Quelques cent personnes ont répondu à l'appel et rempli attentivement le questionnaire. L'intérêt était bien réel, à côté du désir de faire de la bureautique (env. 80%), nous trouvions encore un 25%, environ, désireux de faire du développement/programmation ou de l'analyse/concept. En particulier nous fumes surpris de découvrir qu'un 15% avait suivi une école supérieure (Ecole de commerce, technique ou l'Université). Donc des intelligences captives que la téléinformatique à domicile était susceptible de révéler. Ainsi naquit l'idée du projet TELEPHAN (TELEinformatique Pour HANdicapés) avec pour objectif de fournir du télétravail, de type occupationnel et lucratif, à des personnes handicapées (voir le schéma ci-dessus). Par la suite fut créé, à Lausanne, la Fondation Handitel dont la mission était en autres de développer le télétravail pour les personnes handicapées. Malheureusement, faute de moyens financiers, cette fondation a dû mettre la clé sous le paillasson et l'idée TELEPHAN n'a jamais vu le jour.

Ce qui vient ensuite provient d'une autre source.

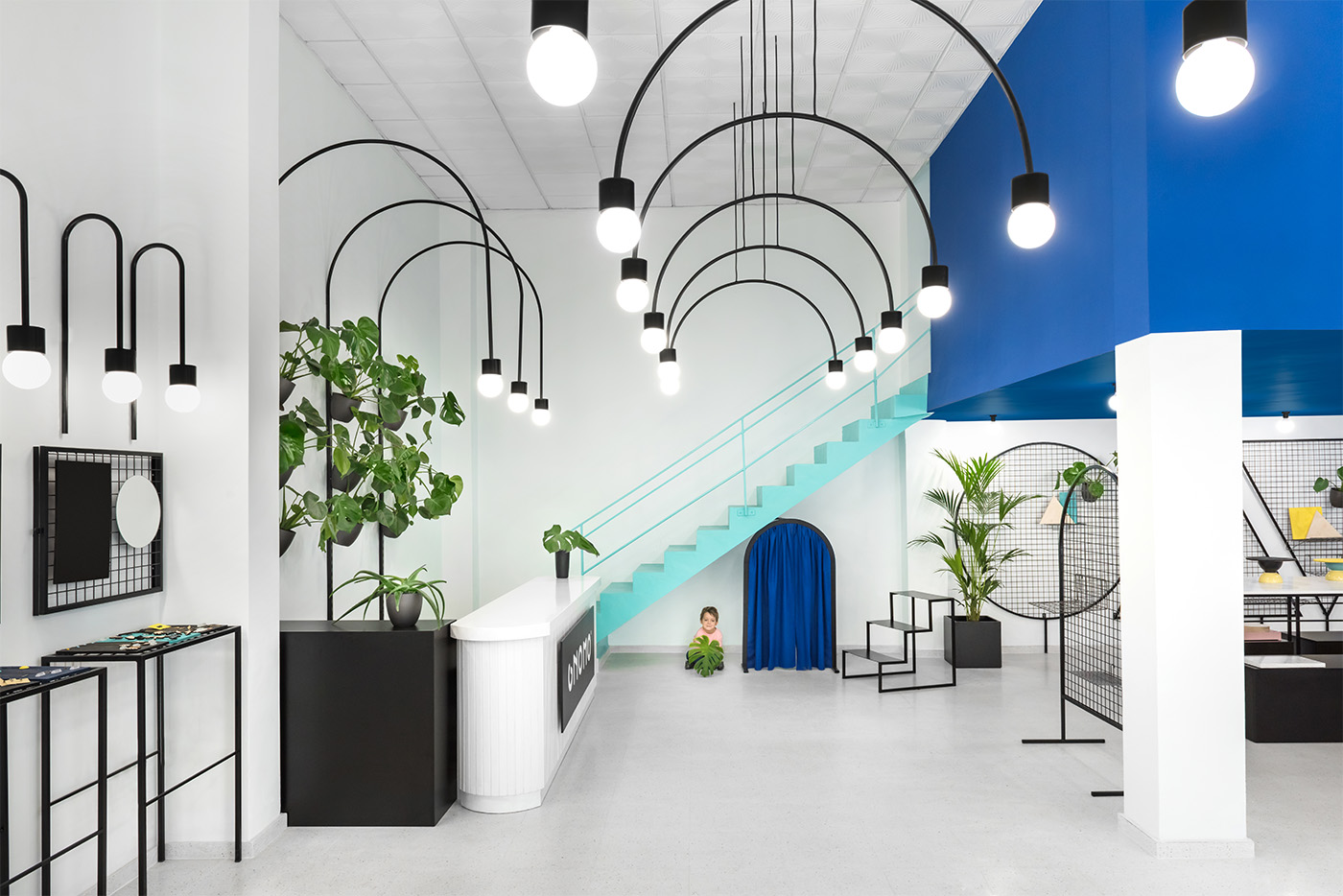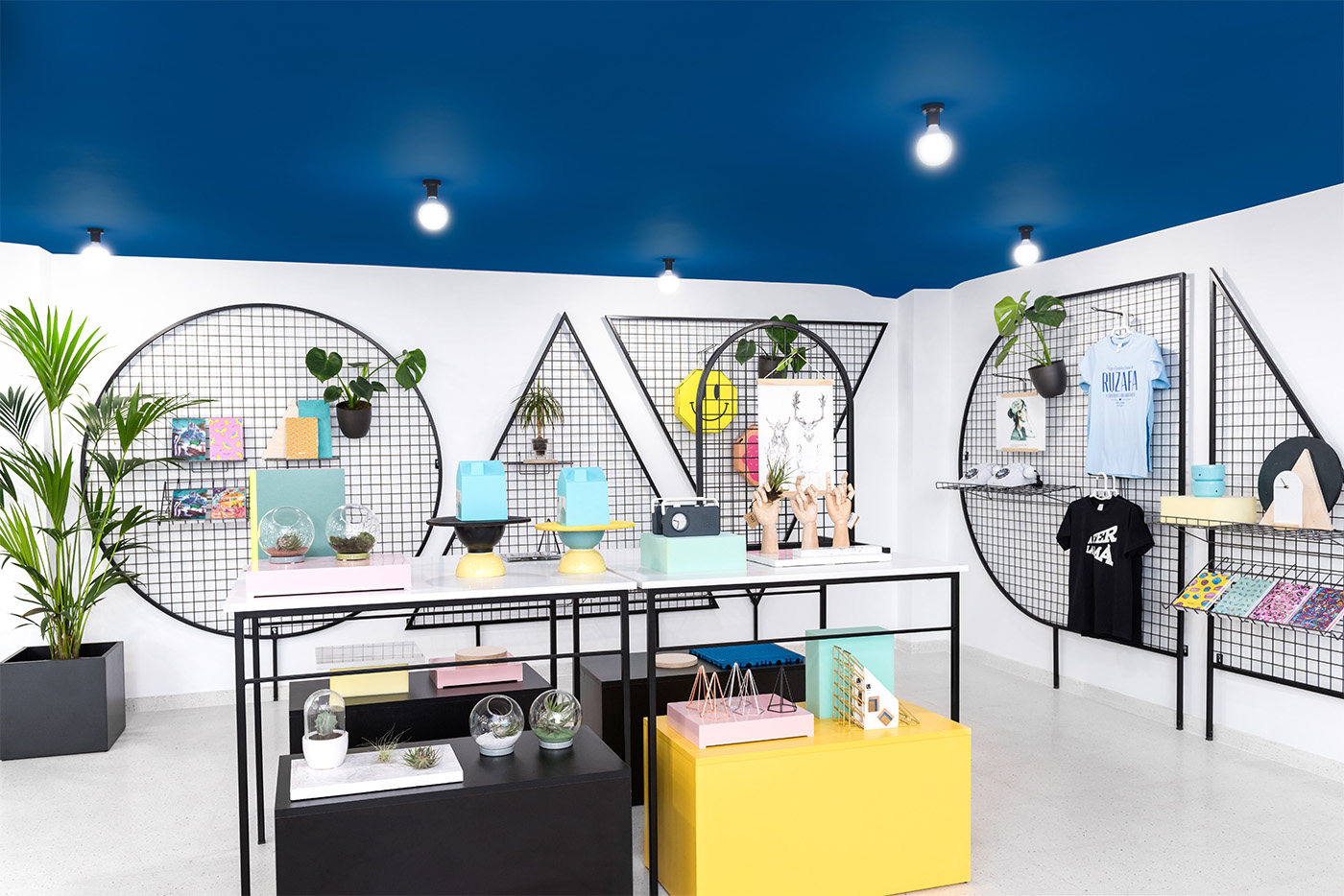 Il progetto rispecchi l’aspetto degli anni ’80 che lo spazio portava con sè, aggiungendone un tocco contemporaneo. Il nuovo pavimento in granito dal colore morbido nè smorza l’effetto, insieme a pareti bianche e un tocco di blu e verde per creare un'atmosfera allegra e divertente per il negozio lifestyle

Internet ou l'ouverture sur le cyberespace des ateliers virtuels
Avec l'arrivée fracassante des autoroutes de l'information, en particulier celle d'Internet au développement exponentiel, TELEPHAN, tel un Phénix, renaît aujourd'hui de ses cendres. En effet les réseaux de télécommunication permettent la création d'ateliers virtuels où les personnes handicapées peuvent mettre en valeur leur potentialité sous toutes ses formes. Les activités sont nombreuses et quasiment sans limite: télésecrétariat, télédessin, télémarketing, téléformation, etc., etc
Pour ou contre la télématique?
Evidemment la controverse n'aura pas manquée sur ces nouvelles technologies de la télécommunication. Et les médias s'en sont déjà fait l'écho avec des opinions à l'emporte-pièce, du style " Internet? Un monde d'autistes ". En fait , la réalité d'un choix technologique n'est jamais aussi tranchée. Ce n'est pas la " chose " qu'il faut juger mais l'" usage de la chose ". Intrinsèquement Internet est neutre. Actif dans le milieu de l'informatique pour personnes handicapées, je me suis souvent entendu dire que l'informatique les isole encore plus. Et je donne invariablement la même réponse du cas réel d'une personne tétraplégique qui n'arrive à bouger que la tête et qui est dépendante jour et nuit d'un appareil respirateur. Continuellement clouée dans sa chambre, la téléinformatique est pour elle cette fenêtre ouverte sur le monde et sur les gens. Elle peut communiquer - indispensable à l'humain - et entrer en contact avec les autres. Des outils comme Internet sont à même de la faire voyager sur toute la planète, visiter le Musée du Louvre à Paris ou contempler les oeuvres de la Fondation Berger à Lausanne. Puisqu'elle ne peut se déplacer dans le monde, c'est le monde qui vient chez cette personne, au travers de l'écran de son ordinateur. N'est-ce pas merveilleux? L'informatique ne l'isole pas, bien au contraire, elle lui a permis d'avoir tout un réseau de relations humaines riches et stimulantes et qui donnent un sens à sa vie.